我坐在梳妝臺前,對著鏡子左瞧右瞧,的確看不到額心那個“秦”字。我又搓了搓,也沒有什麽特別感覺。

秦明非會不會在騙我?拿了個特制的鏡子?

要知道我在看見那個秦字的第一時間就想把那塊皮撕了。

我討厭這個記號,討厭這種被綁定被算計的感覺。居然還有人說秦明非有多好多好,當時真該把他們叫過來見識見識什麽是人面獸心!
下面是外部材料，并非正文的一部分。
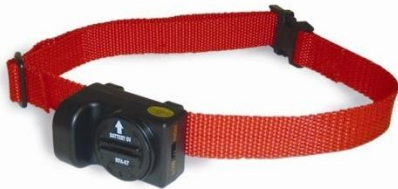
Collier anti-aboiement à ultrasons réglable

Ce type de stimulation peut être émis par un collier ou par un boîtier Indépendant.

好在這個東西現在不見了,可是不知道它什麽時候又會冒出來,秦明非說,只要他不想讓人看見就不會有人看見它,可誰知道他什麽時候是什麽心情?這個字要是抽冷子就竄出來一下,豈非要全天下都知道我是他的……

呸!

讓他吃小蟲合蟲莫的口水就對了,還吃得少了呢,等下次……

呸,為什麽還有下次?我還真要伺候他一日三餐?

可是金鈔……

我環顧一下我幹凈但不算規整然而的確簡陋的小房間。

有些決定,與虛榮無關。

若非與之關聯,只能說,我不想再當一個被人鄙視的廢柴了!

我再次揉了揉額心,沒好氣的拍了下桌子,便去查看鍋裏的明膠現在凝固成了什麽樣子,又去看飴糖剩了多少,再琢磨一下還有哪些物件可以充當模具。

蛋殼龍一直吊在“搖籃”上關註我的一舉一動,貌似監視,這會突然開口:“你長了第三只眼麽?”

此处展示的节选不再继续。